Prompt → Where in the records does the word "kepada" appear? Copy each line that holds it.

Given information →
******************************

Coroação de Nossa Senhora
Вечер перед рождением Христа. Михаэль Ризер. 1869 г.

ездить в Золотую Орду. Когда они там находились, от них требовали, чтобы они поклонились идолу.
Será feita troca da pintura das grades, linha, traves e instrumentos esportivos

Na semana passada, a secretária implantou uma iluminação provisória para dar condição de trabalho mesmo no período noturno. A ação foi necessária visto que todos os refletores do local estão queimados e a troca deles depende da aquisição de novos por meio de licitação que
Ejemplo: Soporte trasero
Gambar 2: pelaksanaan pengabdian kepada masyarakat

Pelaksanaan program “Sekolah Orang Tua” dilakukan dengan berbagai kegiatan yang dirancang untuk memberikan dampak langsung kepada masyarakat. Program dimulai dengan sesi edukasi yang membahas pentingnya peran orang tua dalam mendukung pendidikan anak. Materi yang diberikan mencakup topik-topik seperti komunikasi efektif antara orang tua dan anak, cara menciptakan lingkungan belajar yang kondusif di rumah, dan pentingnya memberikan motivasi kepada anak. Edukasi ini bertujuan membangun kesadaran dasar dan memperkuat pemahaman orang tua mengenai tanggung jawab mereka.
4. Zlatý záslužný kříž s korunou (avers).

******************************

Response →
Gambar 2: pelaksanaan pengabdian kepada masyarakat
Pelaksanaan program “Sekolah Orang Tua” dilakukan dengan berbagai kegiatan yang dirancang untuk memberikan dampak langsung kepada masyarakat. Program dimulai dengan sesi edukasi yang membahas pentingnya peran orang tua dalam mendukung pendidikan anak. Materi yang diberikan mencakup topik-topik seperti komunikasi efektif antara orang tua dan anak, cara menciptakan lingkungan belajar yang kondusif di rumah, dan pentingnya memberikan motivasi kepada anak. Edukasi ini bertujuan membangun kesadaran dasar dan memperkuat pemahaman orang tua mengenai tanggung jawab mereka.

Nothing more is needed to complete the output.